5. Scatter, Adapt, and Remember: How Humans Will Survive a Mass Extinction by Annalee Newitz: This fascinating science book focuses on humanity's long history and how it has managed to avoid mass extinction on numerous occasions from tsunamis to asteroids. It also speculates how we can learn from the past and use it to avoid disasters in the future.

6. Between Man and Beast: An Unlikely Explorer, the Evolution Debates, and the African Adventure that Took the Victorian World by Storm by Monte Reel: In 1856, explorer Paul Du Chaillu set out into the wild to find and study the gorilla. He emerged successfully with the then-mythical animal and brought him back to society, only to launch right into the center of a debate on Darwin's theory of evolution. The books blends adventure and history.

7. Exploding the Phone: The Untold Story of the Teenagers and Outlaws who Hacked Ma Bell by Phil Lapsley and Steve Wozniak: This book tells the story of the telephone, from its birth by Alexander Graham Bell to the rise of mega-companies like AT&T to the high-tech smartphones of today. There are also interesting anecdotes on hackers, mobsters, and telephone company wars.

8. Overbooked: The Exploding Business of Travel and Tourism by Elizabeth Becker: Tourism is one of the largest industries today, but it wasn't always that way. Elizabeth Becker explores how travel and tourism went from a rich person's hobby to a massive empire with serious impacts on the economy, environment and culture of countries around the world.

9. Smuggler Nation: How Illicit Trade Made America by Peter Andreas: Looking back at American history from colonial times to modern day, this book shows how the U.S. is built on a history of smuggling, whether it was slaves in the 19th century, illicit booze in the 20th century, or drugs today.

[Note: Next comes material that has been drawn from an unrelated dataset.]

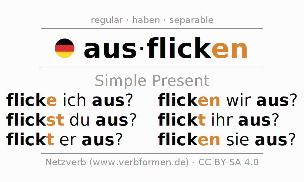 The conjugation of ausflicken in Present Indicative Presence Active is flicke ich aus?, flickst du aus?, flickt er aus?, flicken wir aus?, flickt ihr aus?, flicken sie aus?.The conjugation corresponds to certain grammatical rules. Likewise the requirements for the conjugation of the simple verb forms of ausflicken in Present. Comments ☆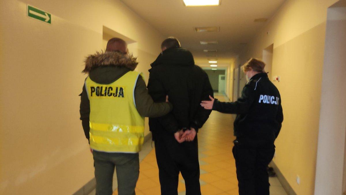 Na zdjęciu policjanci prowadzą zatrzymanego, fot. KPP w Zgorzelcu

10. Ship It Holla Ballas!: How a Bunch of 19-Year-Old College Dropouts Used the Internet to Become Poker's Loudest, Craziest, and Richest Crew by Jonathan Grotenstein and Storms Reback: The Ship It Holla Ballas were a group of underage poker players who won tens of millions of dollars in online poker—and then spent it all in an epic fashion. This book traces the rise and fall of online poker through one of the most successful Internet poker crews ever.